Only the lines of the listing below that run from the line with "(EBC)Moneda de España" through the line with "Embrace refined elegance" are to be set down, word for word. Pictures stay out.

» Extracted material:
----

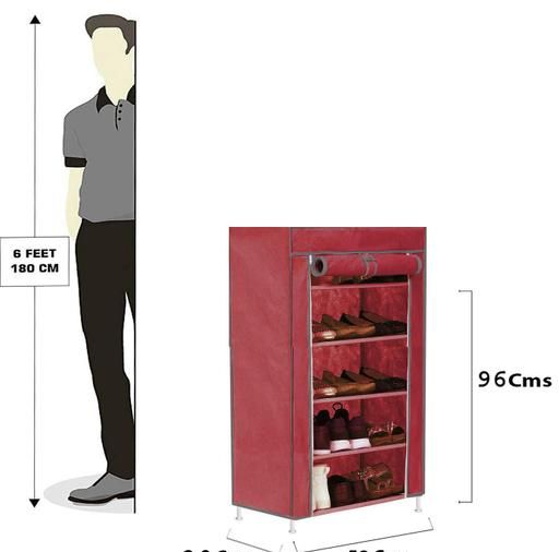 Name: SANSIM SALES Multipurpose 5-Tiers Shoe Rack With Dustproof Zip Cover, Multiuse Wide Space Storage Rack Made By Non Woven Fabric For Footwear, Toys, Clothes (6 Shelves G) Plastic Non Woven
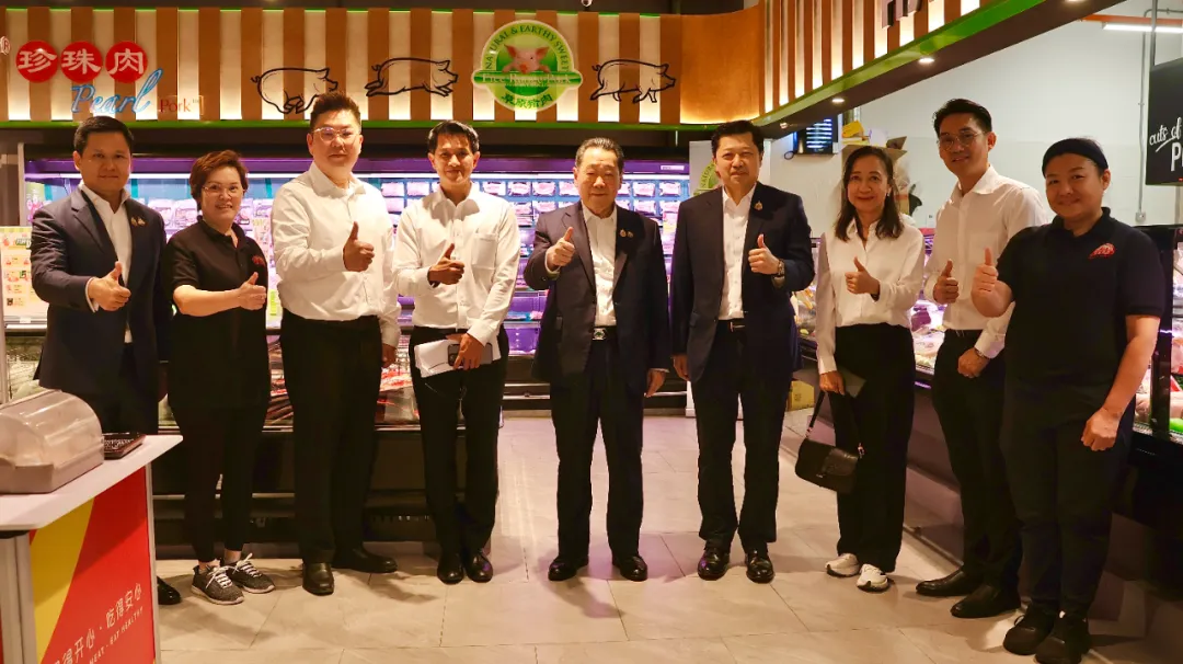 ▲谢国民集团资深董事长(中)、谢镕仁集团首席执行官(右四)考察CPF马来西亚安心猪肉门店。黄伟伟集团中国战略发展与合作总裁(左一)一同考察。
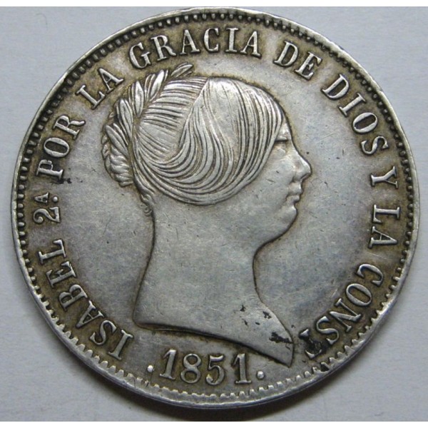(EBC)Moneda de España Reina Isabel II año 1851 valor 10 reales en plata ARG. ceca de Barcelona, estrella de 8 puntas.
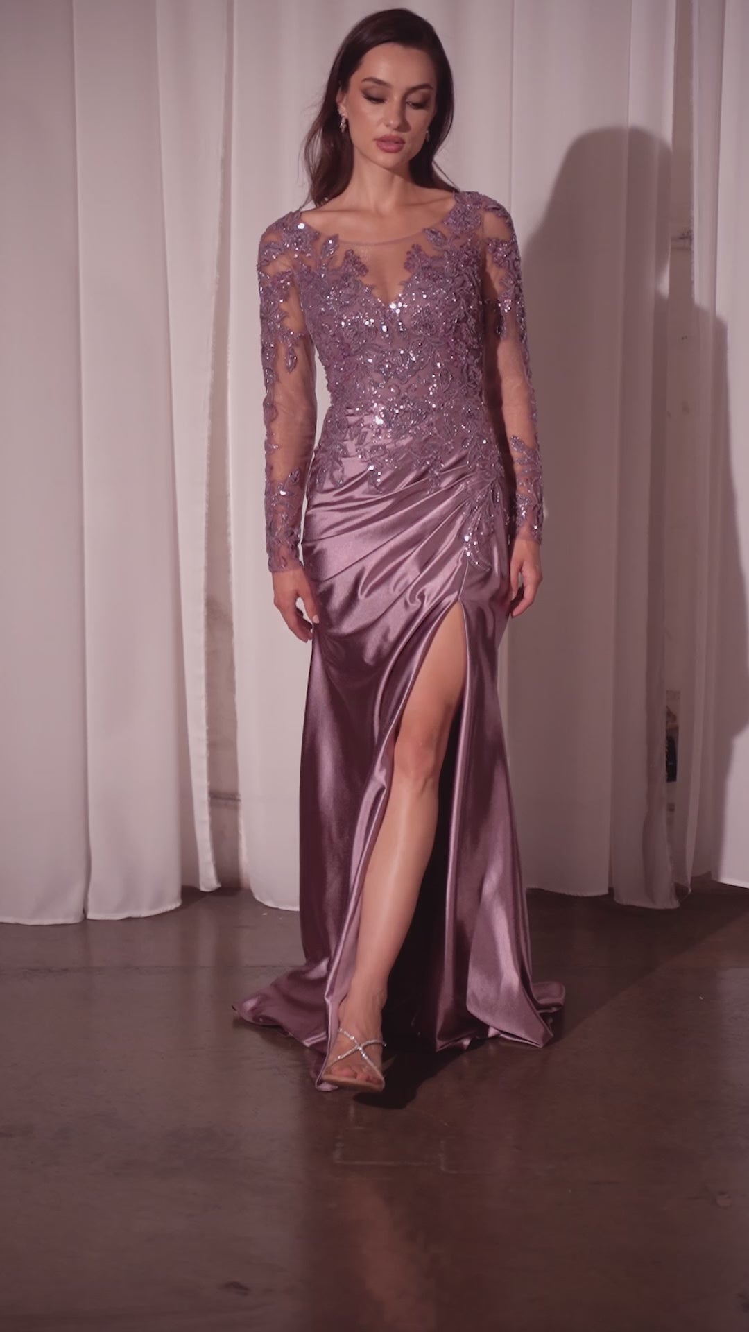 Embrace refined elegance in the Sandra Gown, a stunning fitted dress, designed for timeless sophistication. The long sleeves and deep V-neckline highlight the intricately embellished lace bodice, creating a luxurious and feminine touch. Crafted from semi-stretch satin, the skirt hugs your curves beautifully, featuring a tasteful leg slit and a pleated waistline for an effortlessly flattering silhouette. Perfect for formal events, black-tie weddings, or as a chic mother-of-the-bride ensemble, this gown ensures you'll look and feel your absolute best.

----

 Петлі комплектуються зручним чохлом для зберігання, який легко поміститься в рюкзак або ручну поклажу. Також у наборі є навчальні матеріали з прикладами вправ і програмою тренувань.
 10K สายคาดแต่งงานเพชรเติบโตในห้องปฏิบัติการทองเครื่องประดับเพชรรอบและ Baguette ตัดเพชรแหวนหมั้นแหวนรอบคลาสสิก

----

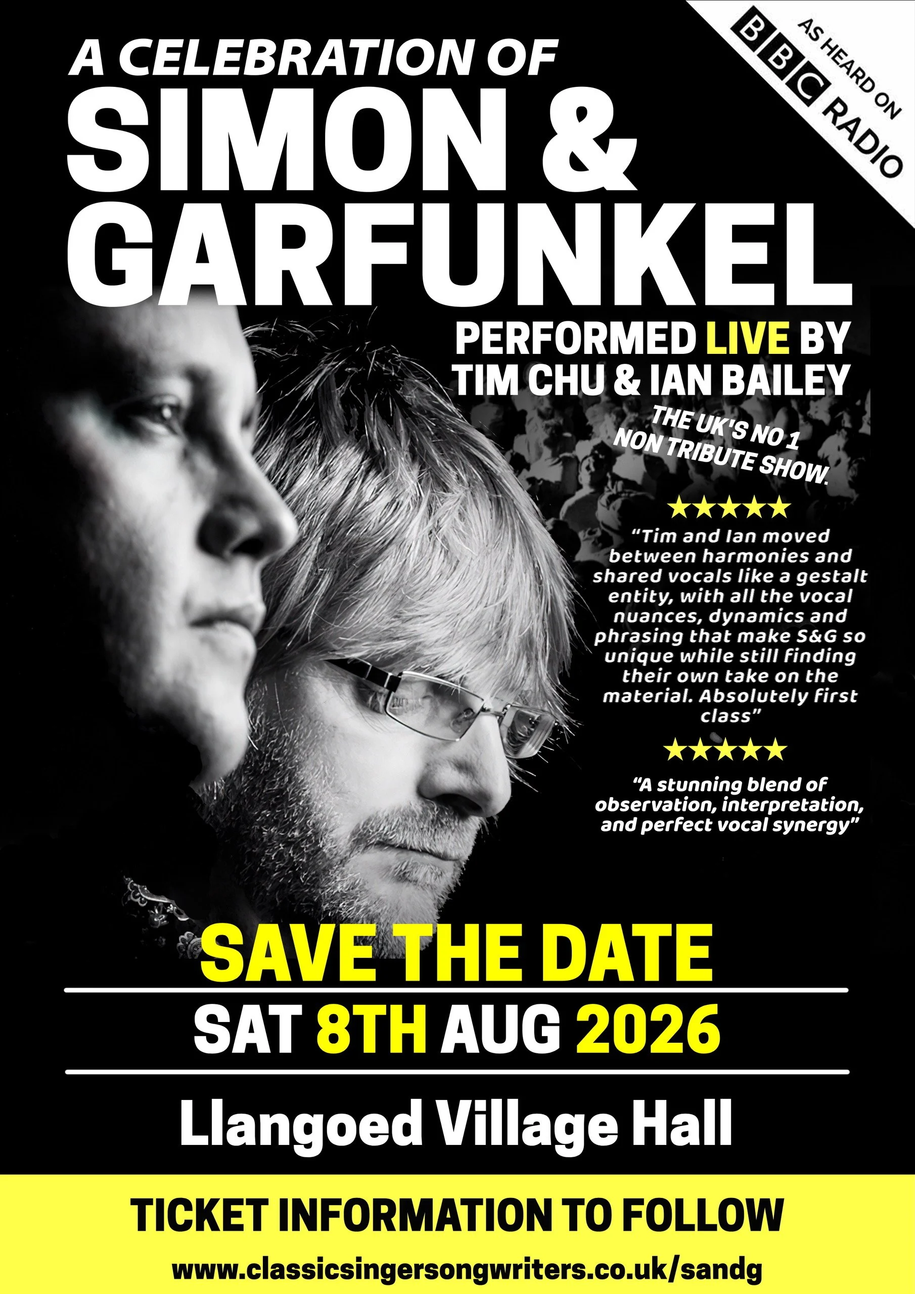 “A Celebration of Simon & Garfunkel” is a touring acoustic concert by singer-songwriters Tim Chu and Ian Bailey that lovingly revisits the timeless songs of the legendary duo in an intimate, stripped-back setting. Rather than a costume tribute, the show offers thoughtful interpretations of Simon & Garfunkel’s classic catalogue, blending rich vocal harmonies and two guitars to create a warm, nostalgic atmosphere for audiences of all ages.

----

» Your solution:
(EBC)Moneda de España Reina Isabel II año 1851 valor 10 reales en plata ARG. ceca de Barcelona, estrella de 8 puntas.
 Embrace refined elegance in the Sandra Gown, a stunning fitted dress, designed for timeless sophistication. The long sleeves and deep V-neckline highlight the intricately embellished lace bodice, creating a luxurious and feminine touch. Crafted from semi-stretch satin, the skirt hugs your curves beautifully, featuring a tasteful leg slit and a pleated waistline for an effortlessly flattering silhouette. Perfect for formal events, black-tie weddings, or as a chic mother-of-the-bride ensemble, this gown ensures you'll look and feel your absolute best.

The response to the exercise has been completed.